#### Data excerpt ####
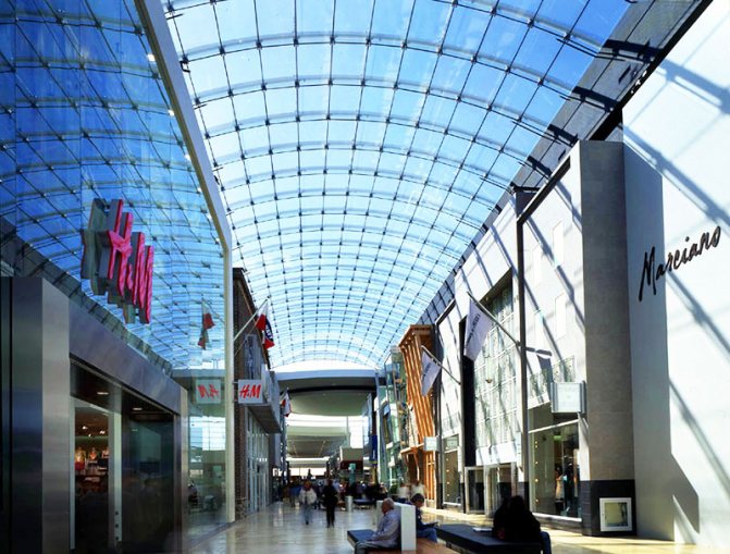 ФОТО: sc01.alicdn.comТорговые комплексы предпочитают такие варианты кровли, потому что они дают ощущение простора и позволяют значительно сэкономить электроэнергию
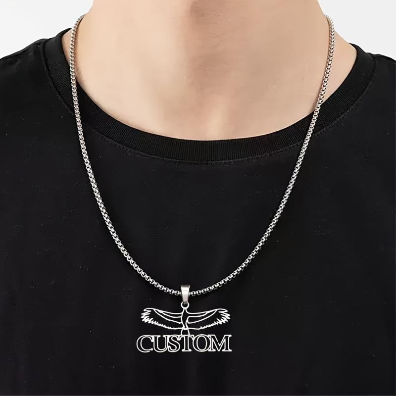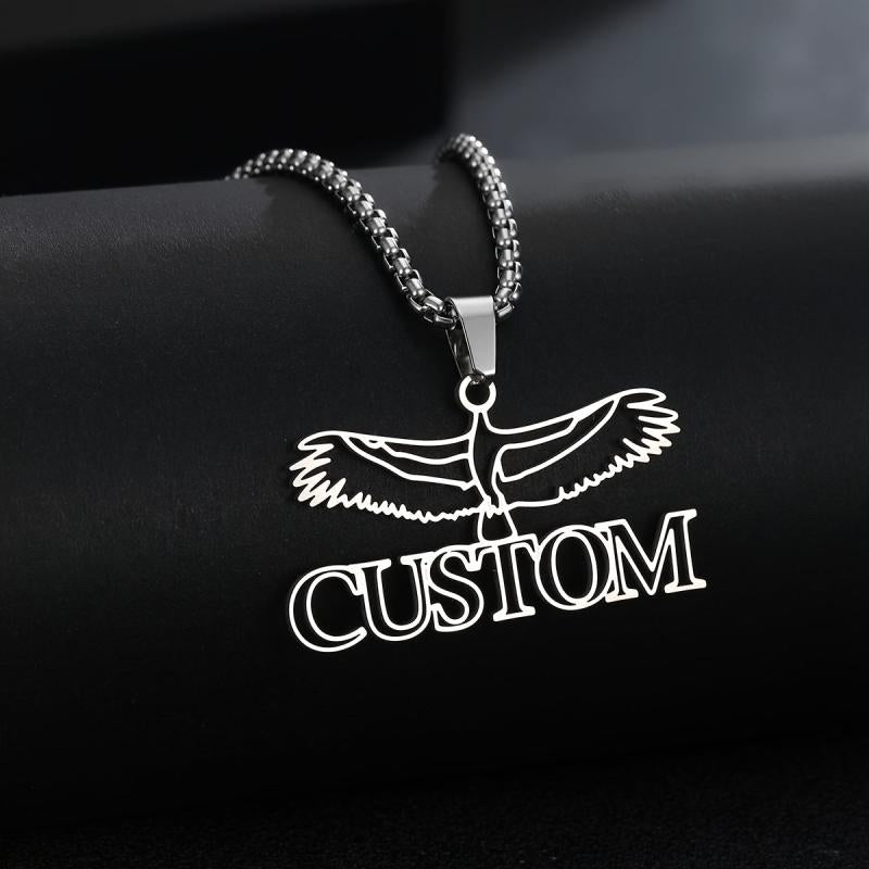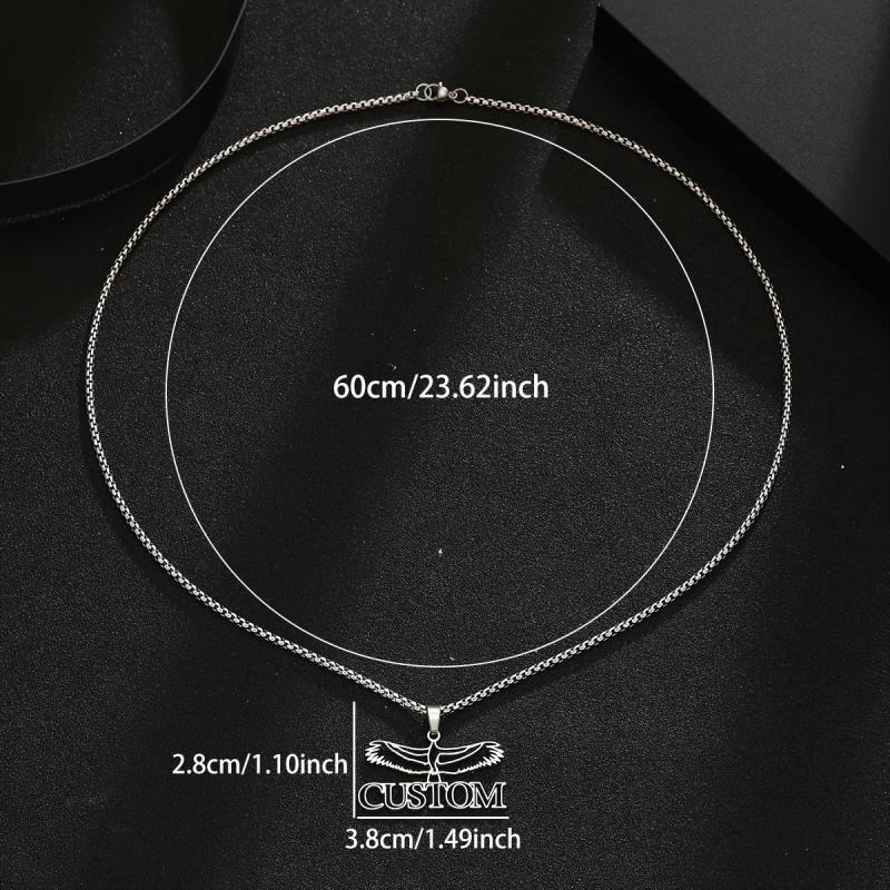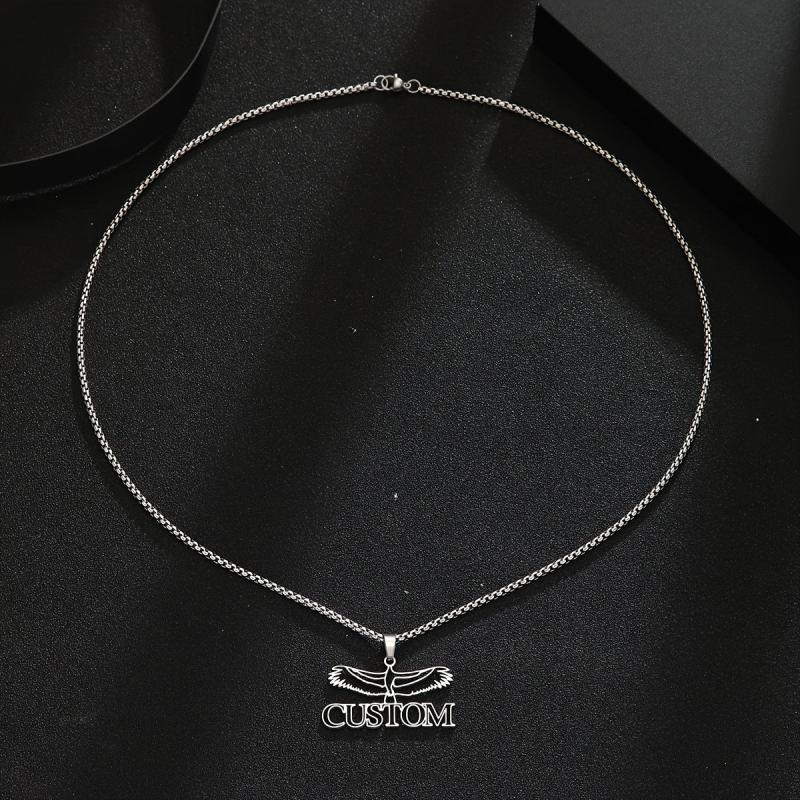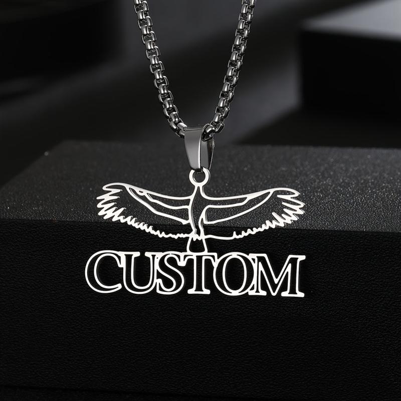 Make a bold statement with this stainless steel necklace featuring a unique eagle pendant and your custom engraving. Perfect for men and women, this durable piece of funky animal jewelry makes a great Christmas gift.
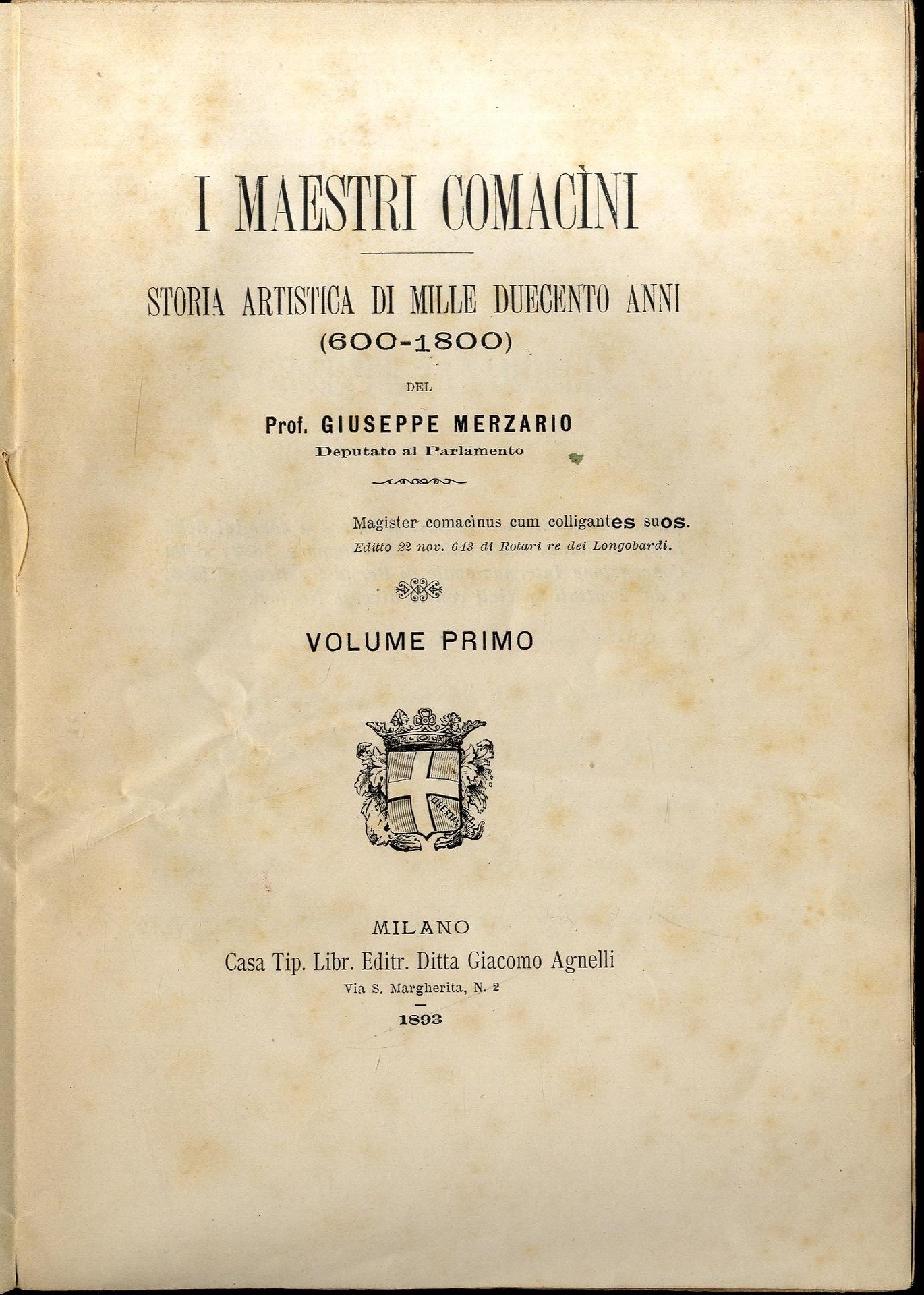 >2 vol. in-4, pp. XXVII, 696; XXIII, 626, (2); bella leg. in p. percallina edit. borgogna, titolo e fregi in oro al dorso e al piatto ant., impresa edit. a secco sul piatto post., in astuccio. Edizione originale di questa importante storia monografica documentaria degli artigiani (muratori, carpentieri e lapicidi, scultori, architetti e pittori) dell'Alta Lombardia noti come ''comacini'', che ebbero un'importanza fondamentale nell'affermazione del primo romanico. Si tratta dell'opera indubbiamente più completa ed esaustiva sull'argomento. Buon esemplare.
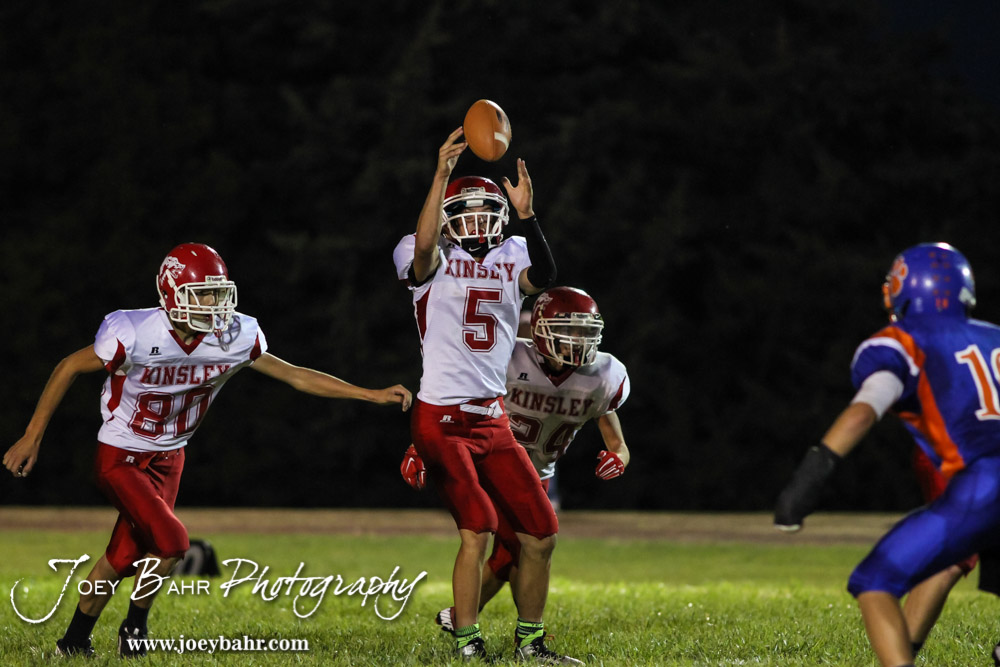 Kinsley Coyote Ross Frame (#5) takes a high snap during the Otis-Bison versus Kinsley High School 8-Man Football Game with Otis-Bison winning 104 to 70 which set a new state record for combined points in a game at Cougar Field at Otis-Bison High School in Otis, Kansas on September 26, 2014. (Photo: Joey Bahr, www.joeybahr.com)
####
**Task directions**
Your reply should hold exactly the lines from the line containing "Make a bold" through the final line of the listing, and none of the pictures.

**Output for this exercise**
 Make a bold statement with this stainless steel necklace featuring a unique eagle pendant and your custom engraving. Perfect for men and women, this durable piece of funky animal jewelry makes a great Christmas gift.
 >2 vol. in-4, pp. XXVII, 696; XXIII, 626, (2); bella leg. in p. percallina edit. borgogna, titolo e fregi in oro al dorso e al piatto ant., impresa edit. a secco sul piatto post., in astuccio. Edizione originale di questa importante storia monografica documentaria degli artigiani (muratori, carpentieri e lapicidi, scultori, architetti e pittori) dell'Alta Lombardia noti come ''comacini'', che ebbero un'importanza fondamentale nell'affermazione del primo romanico. Si tratta dell'opera indubbiamente più completa ed esaustiva sull'argomento. Buon esemplare.
 Kinsley Coyote Ross Frame (#5) takes a high snap during the Otis-Bison versus Kinsley High School 8-Man Football Game with Otis-Bison winning 104 to 70 which set a new state record for combined points in a game at Cougar Field at Otis-Bison High School in Otis, Kansas on September 26, 2014. (Photo: Joey Bahr, www.joeybahr.com)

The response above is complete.